# Task details
Without changing a word, repeat the data, and include no pictures.

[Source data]

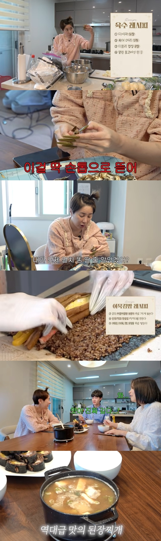 그는 무, 양파, 표고 버섯 등을 넣고 된장찌개 육수를 끓이기 시작했다. 서인영은 "코인은 안 쓴다. 무를 넣으면 시원한 맛이 나고, 양파를 넣으면 단맛이 나고 말린 표고버섯을 넣으면 감칠맛이 난다"라고 비법을 소개했다.
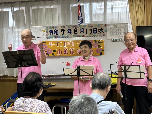 お馴染み【山茶花】の皆様にお越し頂き、ハーモニカ演奏会も開催されてました。ピンクのポロシャツも皆様お似合いです!今回も早口言葉から始まり、演奏は勿論のこと楽しいトークも充実していました!
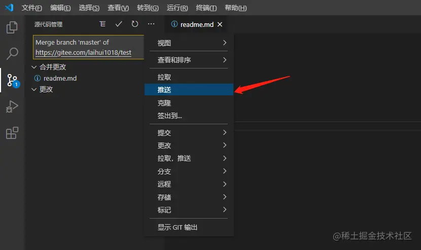 - 没有冲突的话,合并完后,直接推送到远程即可
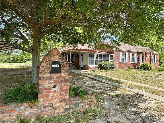 1950 Brick home with 1632 sq.ft- 3 bedrooms and 1.5 bath on .76 acres. Screened porch, separate bedrooms, large living room w/ firplace and gas logs. Dining room has french doors opening to large patio leading to a spacious back yard. Plenty of room for a large garden or even an additional dwelling. Land is unrestricted so mobile home is allowed. RV & motor home hook up, and small barn. Lots of potential.
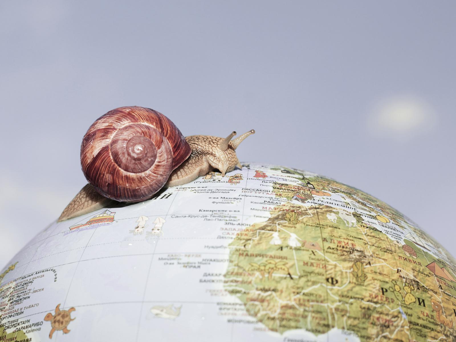 Wallpaper The snail crawls along the globe on a gray background
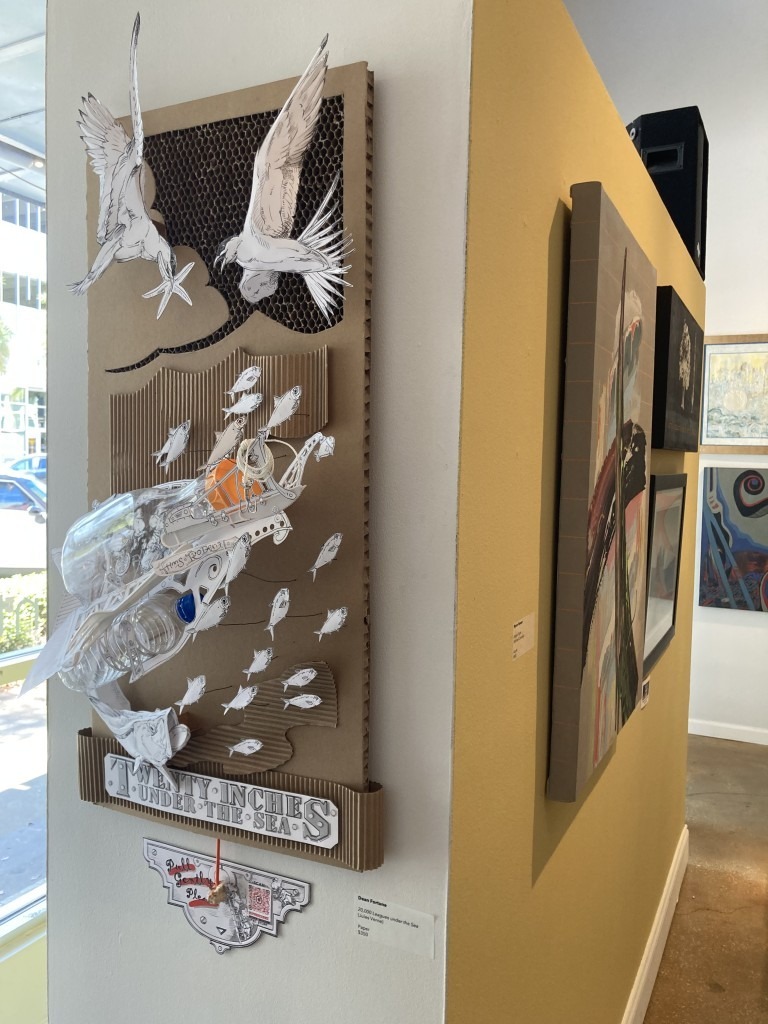 The work based on the classic Jules Verne novel 20,000 Leagues Under the Sea also floated out into the viewer’s space, artfully conveying a strong environmental message. Depicting a ship made of two plastic bottles navigating through a sea of corrugated cardboard and paper fish with paper seabirds flying above, artist Dean Fortune‘s mixed media artwork wryly included the label Twenty Inches Under the Sea. Beneath that title was a pull chain with the instructions – “Pull Gently Please.”

# Exercise solution
 그는 무, 양파, 표고 버섯 등을 넣고 된장찌개 육수를 끓이기 시작했다. 서인영은 "코인은 안 쓴다. 무를 넣으면 시원한 맛이 나고, 양파를 넣으면 단맛이 나고 말린 표고버섯을 넣으면 감칠맛이 난다"라고 비법을 소개했다.
 お馴染み【山茶花】の皆様にお越し頂き、ハーモニカ演奏会も開催されてました。ピンクのポロシャツも皆様お似合いです!今回も早口言葉から始まり、演奏は勿論のこと楽しいトークも充実していました!
 - 没有冲突的话,合并完后,直接推送到远程即可
 1950 Brick home with 1632 sq.ft- 3 bedrooms and 1.5 bath on .76 acres. Screened porch, separate bedrooms, large living room w/ firplace and gas logs. Dining room has french doors opening to large patio leading to a spacious back yard. Plenty of room for a large garden or even an additional dwelling. Land is unrestricted so mobile home is allowed. RV & motor home hook up, and small barn. Lots of potential.
 Wallpaper The snail crawls along the globe on a gray background
 The work based on the classic Jules Verne novel 20,000 Leagues Under the Sea also floated out into the viewer’s space, artfully conveying a strong environmental message. Depicting a ship made of two plastic bottles navigating through a sea of corrugated cardboard and paper fish with paper seabirds flying above, artist Dean Fortune‘s mixed media artwork wryly included the label Twenty Inches Under the Sea. Beneath that title was a pull chain with the instructions – “Pull Gently Please.”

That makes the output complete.